My first question would be, what have you ever done to make them think you may in fact be atheist and how did they react? If they tried to shrug it off, or did they get angry and upset? I would think given your mothers disposition on religion, you should consider taking her aside and telling her about your beliefs. Your mother would then have much more insight into how to deal with letting your dad know. Or, if it would even be a good thing at all depending on the possible ramifications. Would you rather pretend to be religous if it meant seriously damaging your relationship with your father? There's a lot of things there you really have to ask yourself. But thats just my 2 cents. I havs let my mother know how I feel about religion long ago, and now it's a topic we just don't discuss. I'm not sure if she thinks im a heathen thats going to hell or not, but I do know bringing the subject up causes her great pain, so I never bring it up and neither does she. Hope thats helps somewhat =/
Well, things are a little complicated.

I think my dad knows at least that I am not that religious as I claimed to be when I was younger. When I was a little boy, I think I was 8 or 9 years old, he suppressed me to become an altar-boy. I can´t tell you how much I hated that! When I was 14 I had the courage to tell him that I don´t want to do that anymore. He was very angry and disappointed, but in the end he accepted it. That gives me a little hope for my coming-out, but just a little. At that time I still believed in god, and I still went to church after that. Around 16 or 17 I realized that I was an atheist. I really don´t know whether he has an idea that I am an Atheist, but anyway I want to stop pretending to be a Christian. I just want the damage in my relationship to my father to be as small as possible.

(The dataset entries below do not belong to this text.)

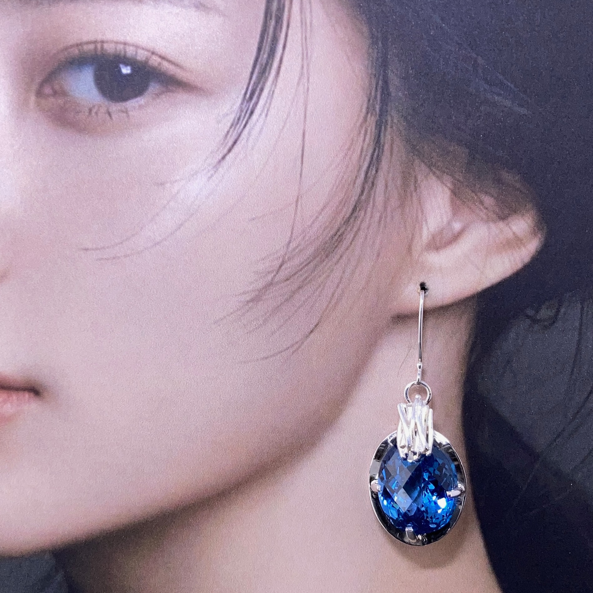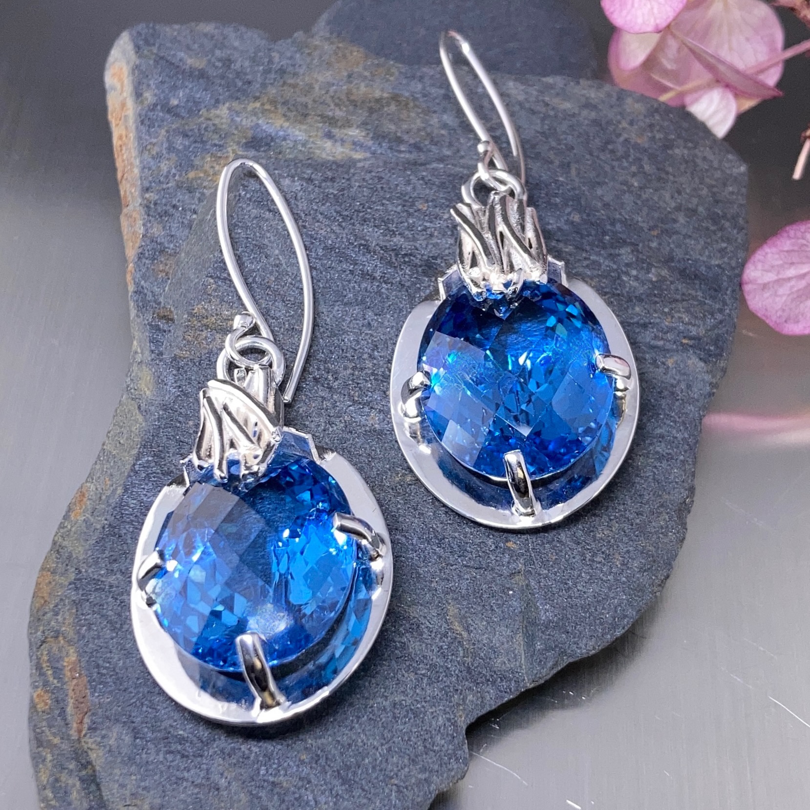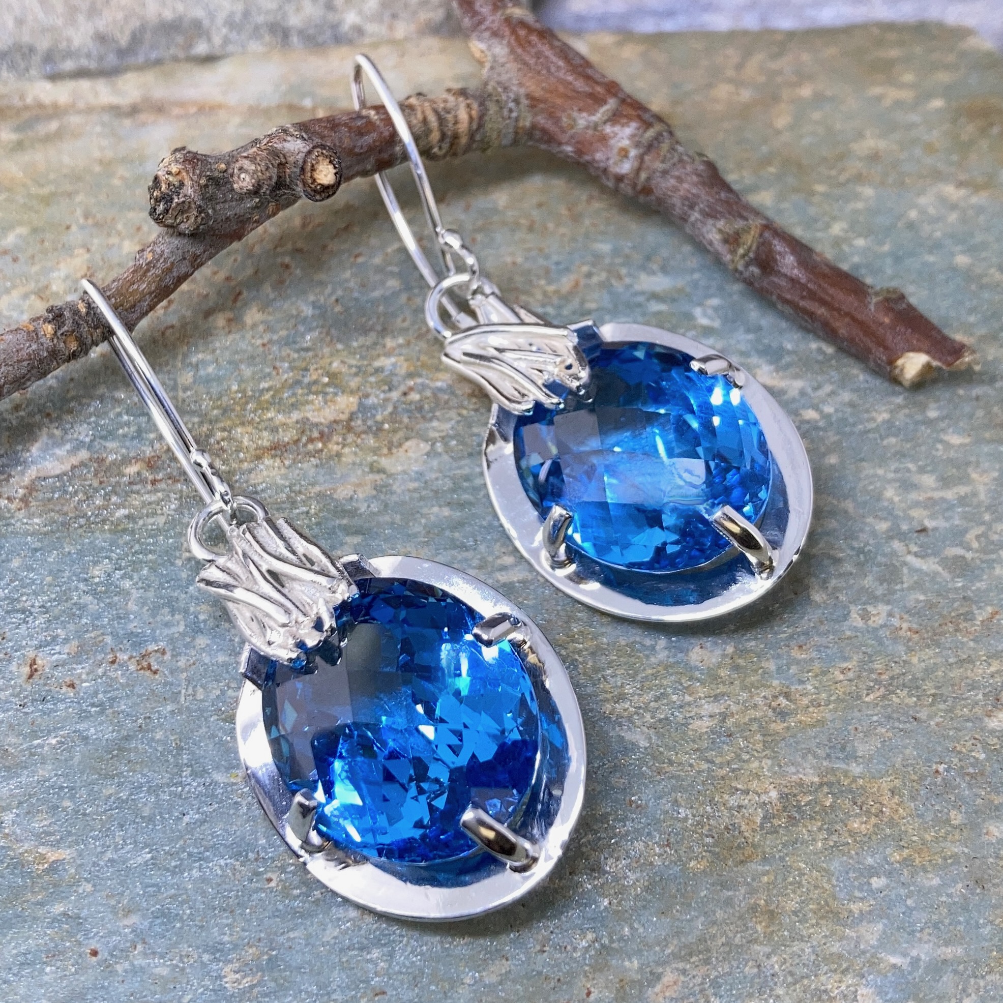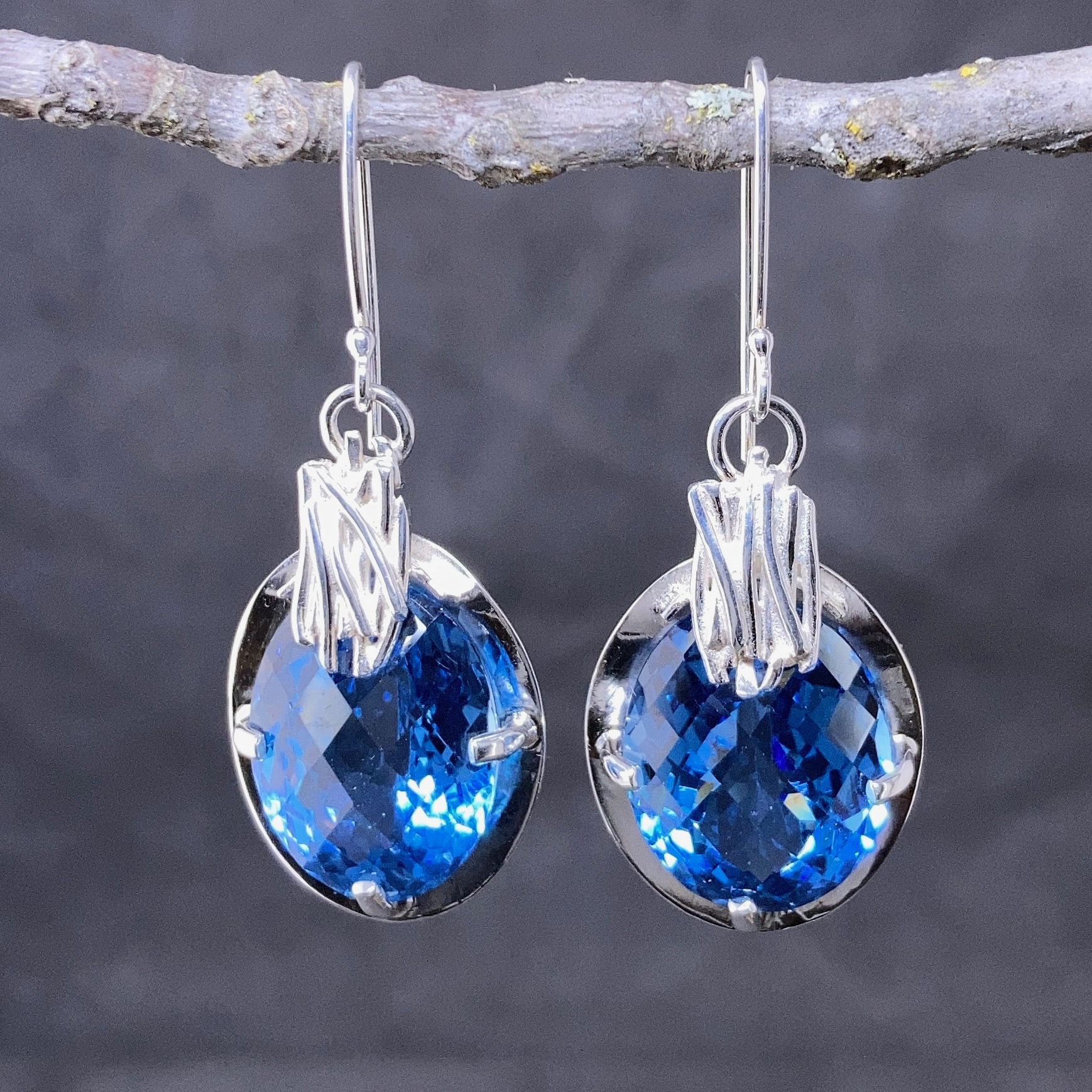 London blue topaz earrings – twigs – Argentium silver – 43 carat
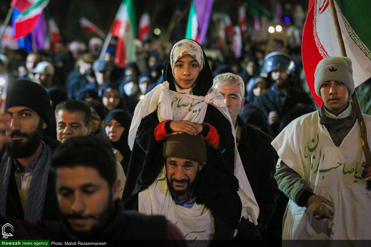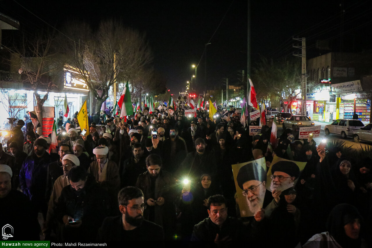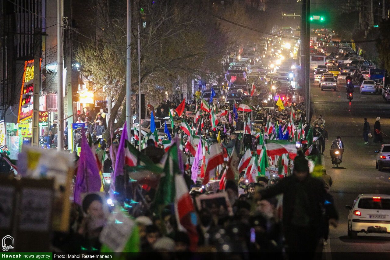 به گزارش خبرگزاری حوزه، مردم انقلابی، ولایت مدار و وفادار قم در سومین شب حضور خودجوش خود برای محکومیت جنایات اغتشاشگران و آشوبگران فریب‌خورده رژیم صهیونیستی، کفن‌پوش به خیابان‌ آمدند تا به ترامپ جنایتکار و مزدورانش بگویند برای حفظ انقلاب و آرمان های شهدای عزیز حاضرند جان خود را فدا کنند.
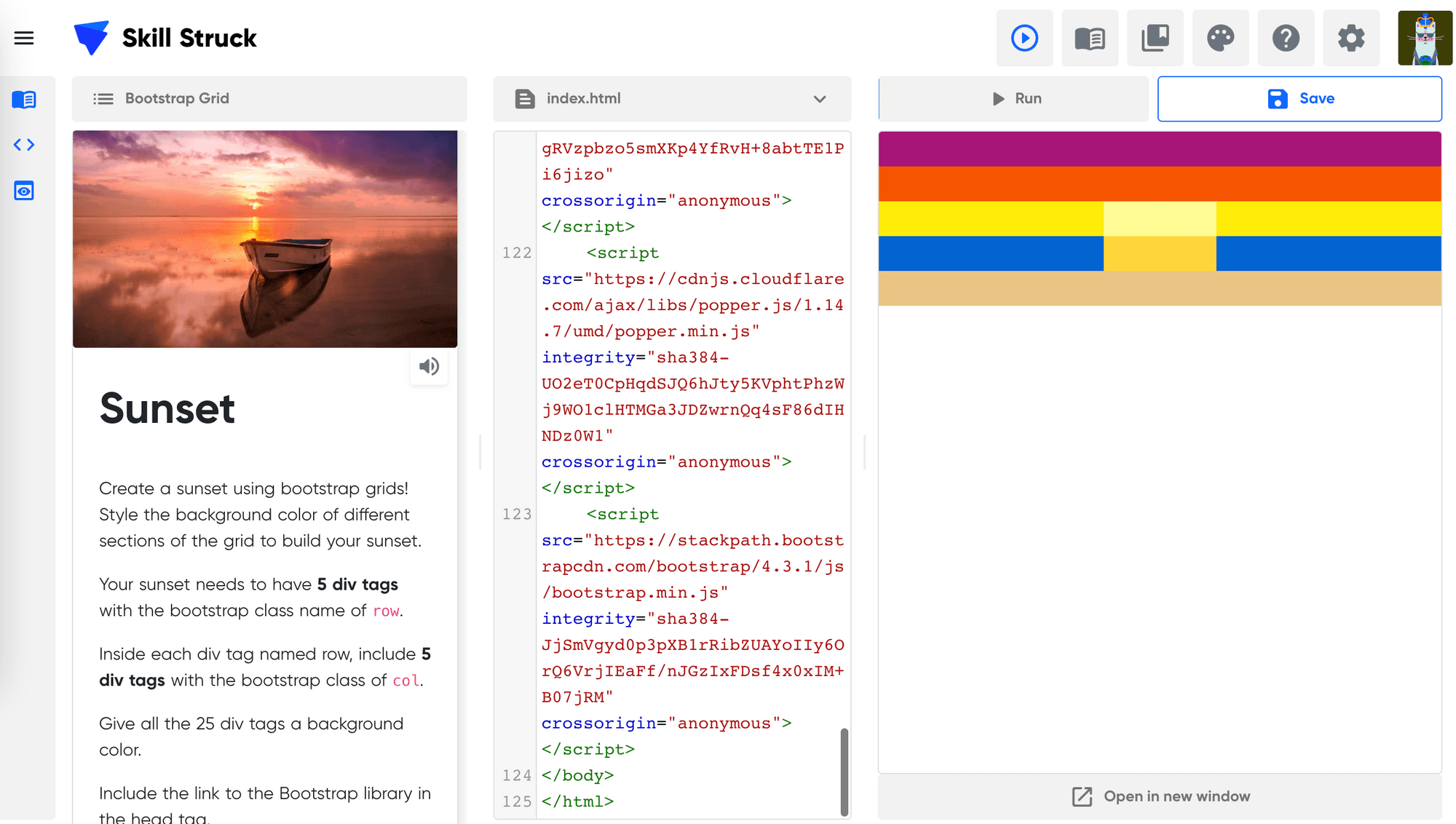 Students are introduced to an external library called Bootstrap and practice importing it into their HTML and CSS files.
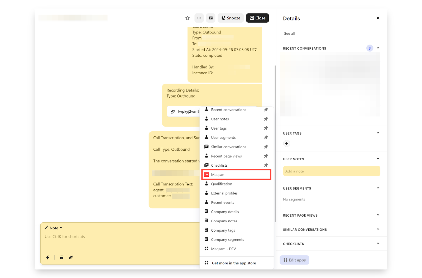 - Sync Call Transcription and Summary: Enable this to automatically sync call transcriptions and summaries from Maqsam to Intercom conversations.
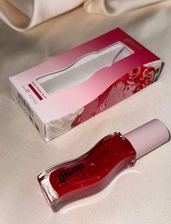 Parlak kırmızı renkte, beyaz kapaklı, şeffaf ve kıvrımlı şişede dudak parlatıcısı. Pembe-beyaz kutuda paketlenmiş.
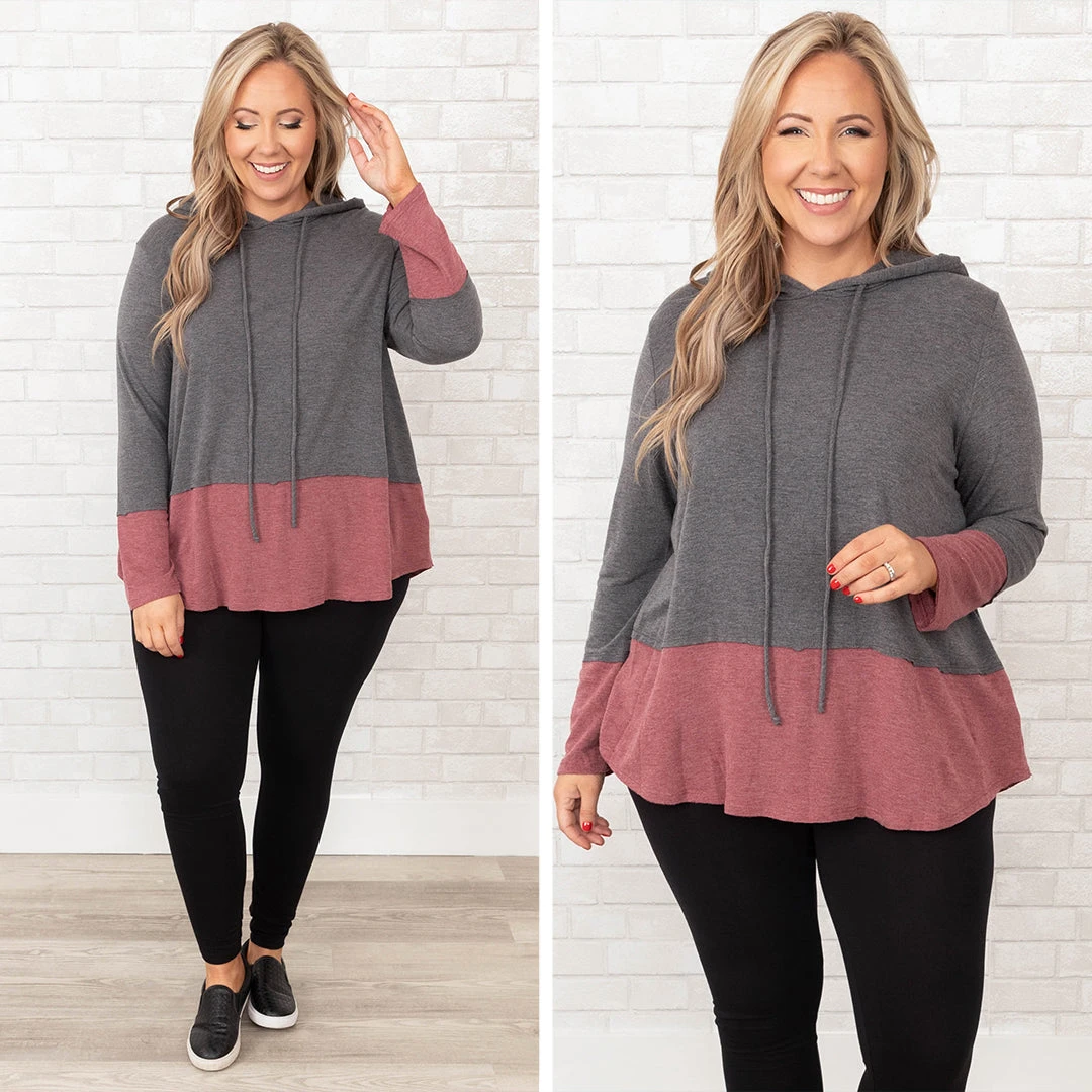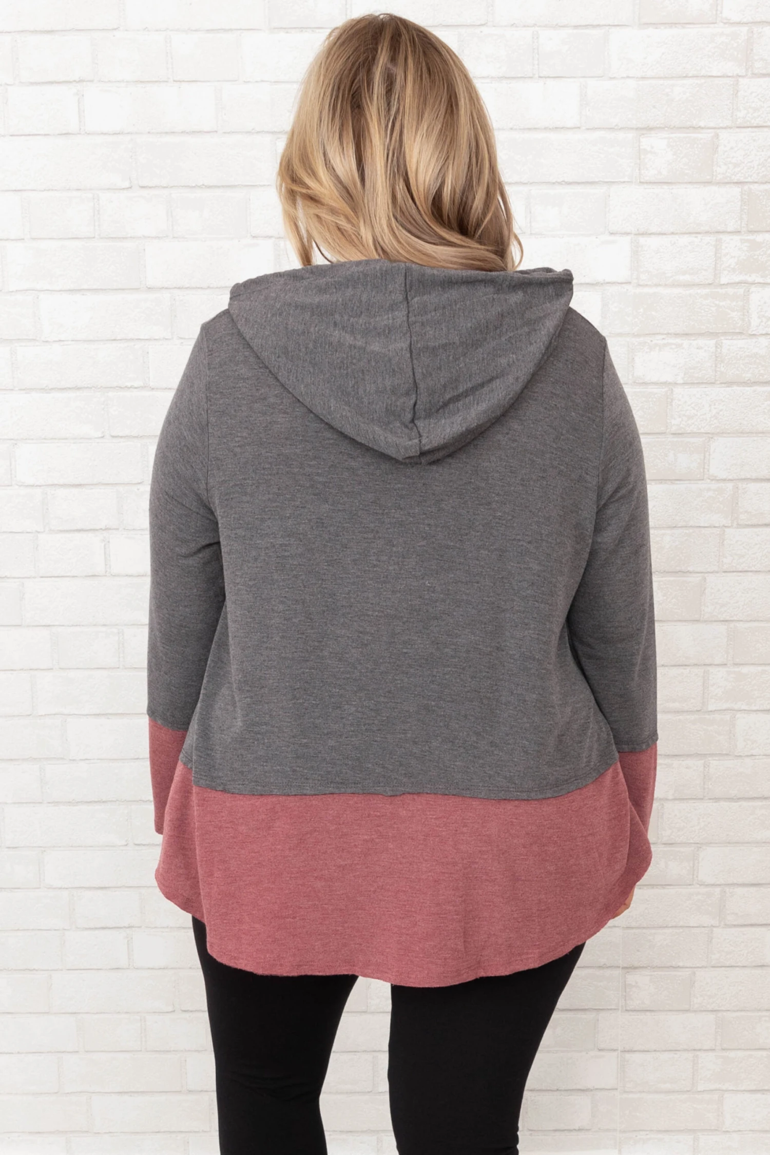 This hoodie is definitely a necessity! This hoodie has a charcoal color and lightweight feel that is perfect for your new favorite layering piece! The stretchy, figure flattering fit is just in time for the season!

Maybe it is a good idea to talk to my mother at first. But the problem is although my parents are Christians they are divorced since 2 years. And as you can guess, my mother and my father are not talking so much to each other now. (If they hadn´t had so much struggle with their religious believe they would have been separated for more than 10 years I guess.)

Well, nevertheless thank you for your advice. I think I will talk to my mother about it, when I see her next time. But I still have to think about how to handle it with my father.
Good Luck Andi, Let me know how things go. I wish I could help more, but I never had to go through letting my parents know as they found out when I was so young. I can imagine how difficult it is.. I still haven't told some members of my family, just because the way the believe , they will think I'm going to hell and it will cause them to worry. But I think you must tell your parents. It's just too important a relationship to have false pretenses in. Keep me posted.

Scott
First, you might want to ask yourself what your motives are. Is it really necessary to sit down and have a grave discussion about how atheist you are? They might think you feel lost or that there's a problem. Atheism is normal and proper way of life. You might feel better when you tell them, but they mot likely won't feel better. Remember that before you have the talk. When you talk to them, remember, you're talking about their beliefs and how they raised you. It's hard to have the discussion without making it very obvious that they are wrong.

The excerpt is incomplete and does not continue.